▶ **What you are asked to do**
Leave out the images and repeat the listing below without a single change.
──────── Provided material ────────
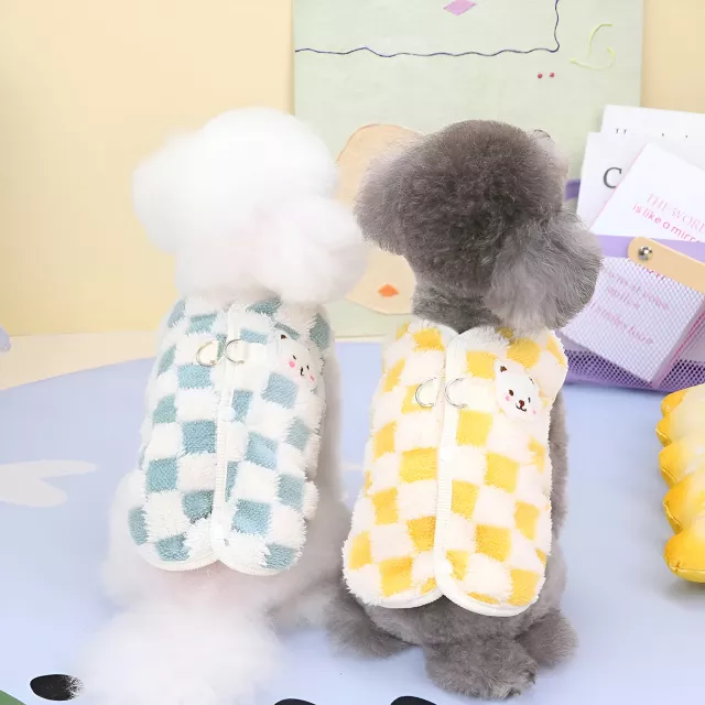 Wrap your furry friend in warmth and comfort with this chic Winter Plaid Puppy Vest. Perfect for small dog breeds like Bichon Frise, Poodles, and more, this cotton-padded vest ensures your pet stays cozy, stylish, and protected from the chill of autumn and winter. Designed for both comfort and practicality, it features a soft fleece lining, a cute plaid pattern, and a leash opening for added convenience on outdoor adventures.
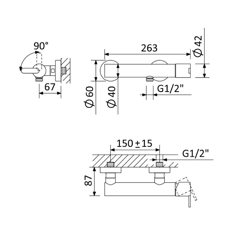 Odległość od ściany: 87 mm
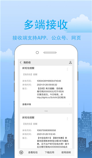 4.只要你手上的手机登录了APP账户即可实时收到未读短信内容。
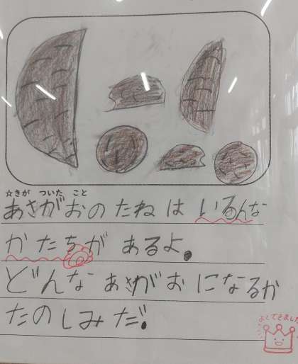 1年生の生活科では、2年生からもらったアサガオの種を観察しました。
────────
▶ **Solution for this problem**
 Wrap your furry friend in warmth and comfort with this chic Winter Plaid Puppy Vest. Perfect for small dog breeds like Bichon Frise, Poodles, and more, this cotton-padded vest ensures your pet stays cozy, stylish, and protected from the chill of autumn and winter. Designed for both comfort and practicality, it features a soft fleece lining, a cute plaid pattern, and a leash opening for added convenience on outdoor adventures.
 Odległość od ściany: 87 mm
 4.只要你手上的手机登录了APP账户即可实时收到未读短信内容。
 1年生の生活科では、2年生からもらったアサガオの種を観察しました。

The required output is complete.